Clay kept his own answering grin from his lips, worried it might reveal a suspicious confidence, and launched into a series of well-practised moves. Tratter called it the Markeva Combination, a sequence of kicks and punches laid down by the ancient and most celebrated practitioner of the Dalcian martial arts. It had taken a month to learn the sequence, Clay sweating through the moves under Tratter’s expert and unforgiving eye until he pronounced him as ready as he would ever be. “Do it right, y’might actually come outta this with some credit,” the old trainer had said with an approving wink.

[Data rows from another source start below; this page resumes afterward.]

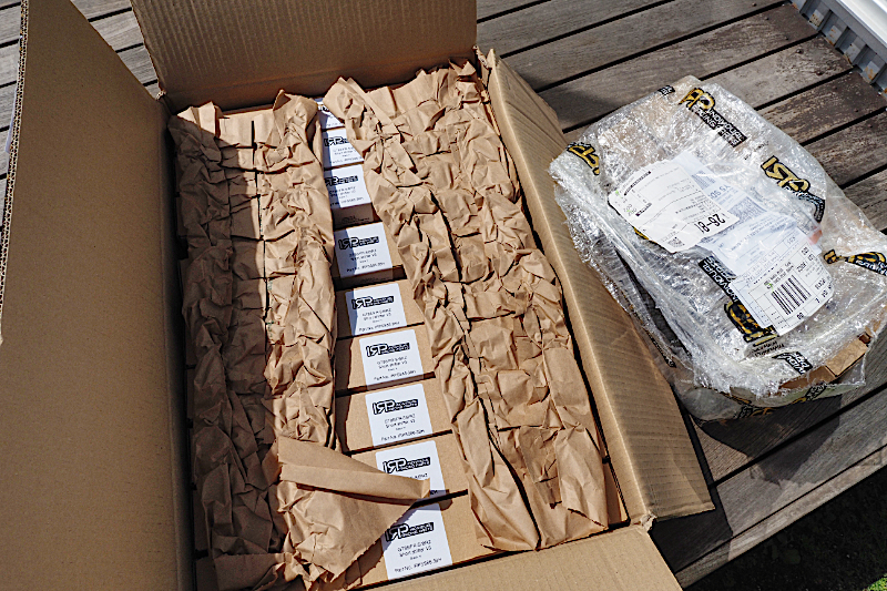 リトアニアにて梱包された荷物の一部。既にこの列は崩れました。それにしても、この箱の容積でIRPスポーツシフターが入っている、、とは思えませんよね。自分も当初そう思いました。リトアニアのエンジニアさんはロジスティクス(梱包/輸送コスト)のセンスも抜群!問題は、、さらに我が国の通貨”円”の価値が激下がり中の状況。上がれば下がる市場原理は理解出来ているのだけれど厳しすぎる。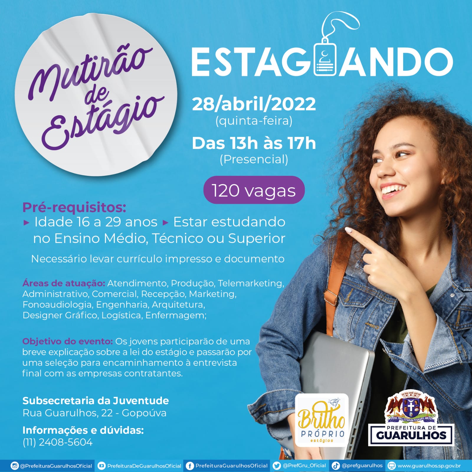 A Prefeitura de Guarulhos, em parceria com a empresa Brilho Próprio Estágios, realizará no próximo dia 28 o 5º mutirão do projeto Estagiando, das 13h às 17h, na Subsecretaria da Juventude (rua Guarulhos, 22, Gopoúva). O evento é voltado aos jovens entre 16 e 29 anos que estejam cursando ensino médio, técnico ou superior. É necessário levar documento e currículo impresso.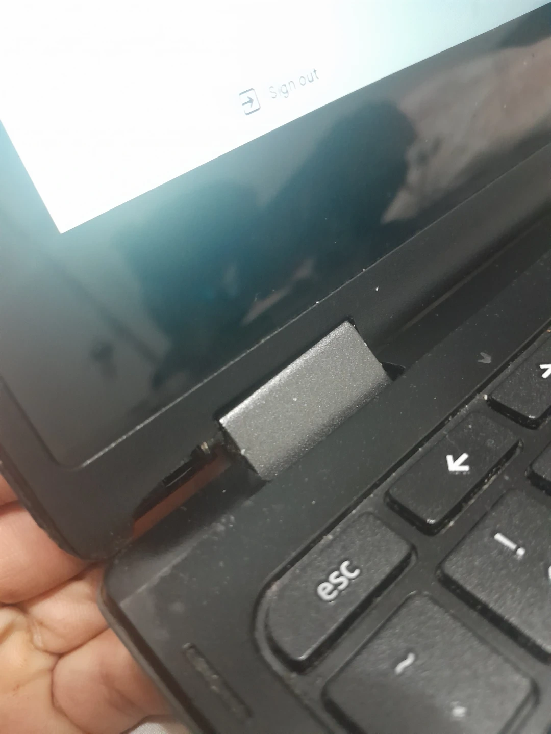 This is a black Acer Chromebook. It's a portable laptop for everyday use. It has a standard QWERTY keyboard layout. damage there you can see in the picture and it's a touch screen chromebook laptop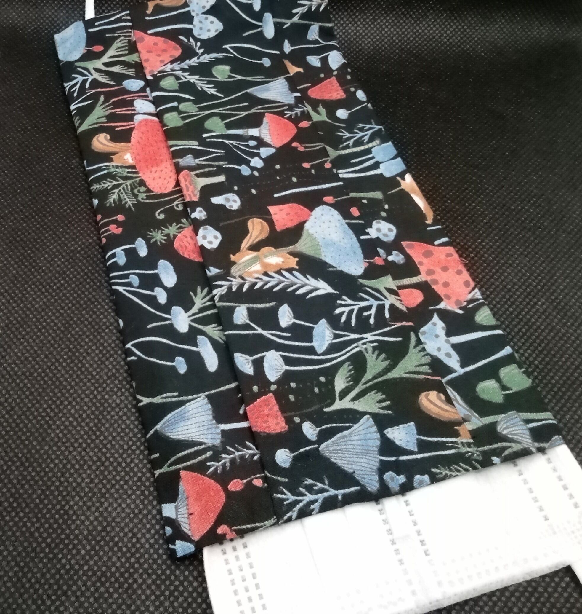 筒状になっていおり、中に使い捨てマスクを入れて使います。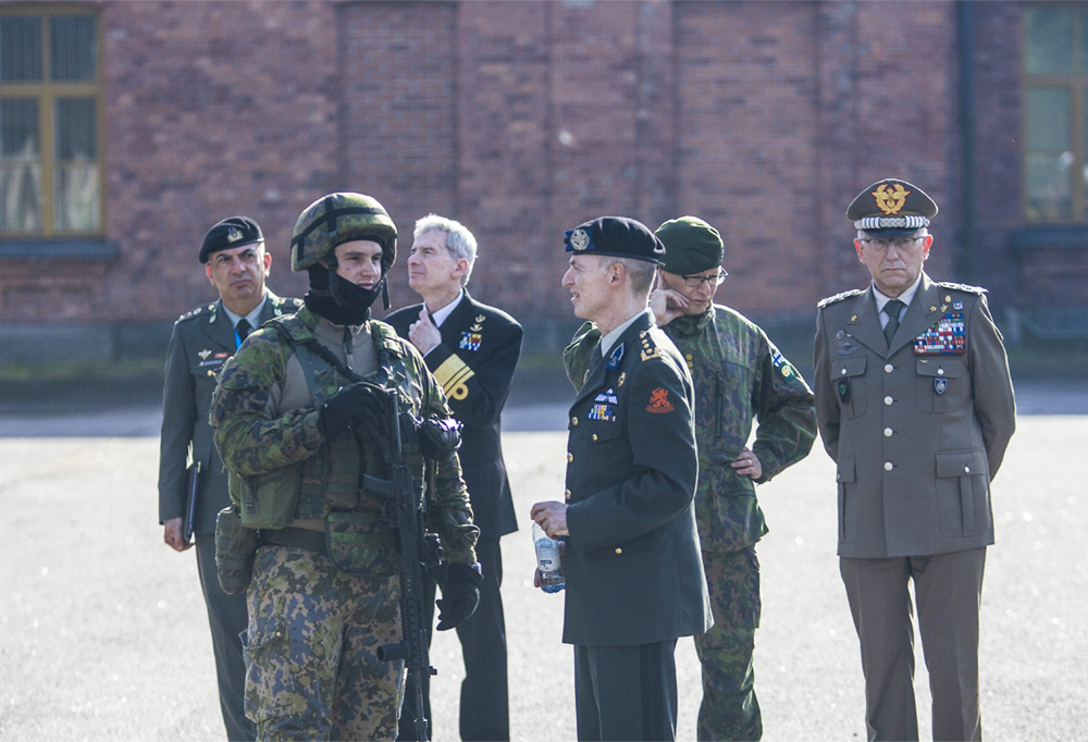 Vierailun aikana EU-jäsenmaiden sotilasedustajat tutustuivat myös Suomen puolustuskykyyn, asevelvollisuuteen ja viranomaisyhteistyöhön Kaartin jääkärirykmentissä Santahaminassa.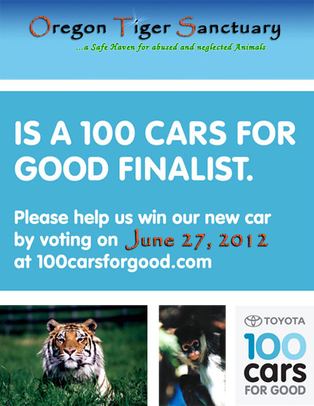 OTS Selected as Toyota 100 Cars for Good Finalist! The Oregon Tiger Sanctuary is proud to announce we’ve been selected as One of 500 Finalists in Toyota’s 100 Cars for Good Program. Now we need your support! Please Help us WIN a new truck to make an even bigger difference in the lives of the animals we rescue and give sanctuary to. Please Tell your friends and vote for the Oregon Tiger Sanctuary at www.100carsforgood.com on June 27, 2012. Toyota’s 100 Cars for Good program will be awarding 100 vehicles to 100 non-profits over the course of 100 days based on votes from the public. A total of 500 non-profits were selected from more than 4,000 applications nationwide. We Will use our new Toyota Tundra truck to retrieve thousands of pounds of frozen tiger meat we feed our big cats each week from our cold storage warehouse in town and also to deliver it around our compound to our big cats.

“I’m paying you to help me win this thing,” Clay had replied. The memory of the old man’s prolonged laughter came back to him now as Cralmoor blocked every blow with fluid ease and delivered a short jab to Clay’s right eye whereupon he blinked a few times before falling over. He was dimly aware of the bell sounding just before he hit the floor, and the feel of Derk’s arms clamped across his chest as he was dragged to the stool, bare heels scraping sand from the floor. He returned to full awareness when Derk emptied half the water-bucket over his head.
“I believe we have arrived at the appropriate moment,” Derk said, reaching into the bag holding their two canteens, one with a plain cap, the other marked with a scratched cross.
Clay shook his head, liquid flying from his shaved scalp. “One more round.”
“You don’t have another round in you.”
“Too soon,” Clay insisted, wincing as Derk pressed a cloth against the open cut below his eye. “Only the third bell. Keyvine’ll know. Shit, Keyvine’s mother would know.”
He saw Derk’s involuntary glance at the raised platform at the rear of the cavernous drinking den. It was Fight Night every Venasday in the Colonials Rest and its owner never missed a bout. Keyvine sat alone on the platform, a small lamp and a bottle of wine on the table at his side. A slim, unmoving silhouette lit only by the gleam of the silver drake’s head that topped the cane resting on his knees. Not a guard nor a weapon within arm’s reach, Clay thought, a long-gestated jealousy building inside. But still the King of Blades and Whores.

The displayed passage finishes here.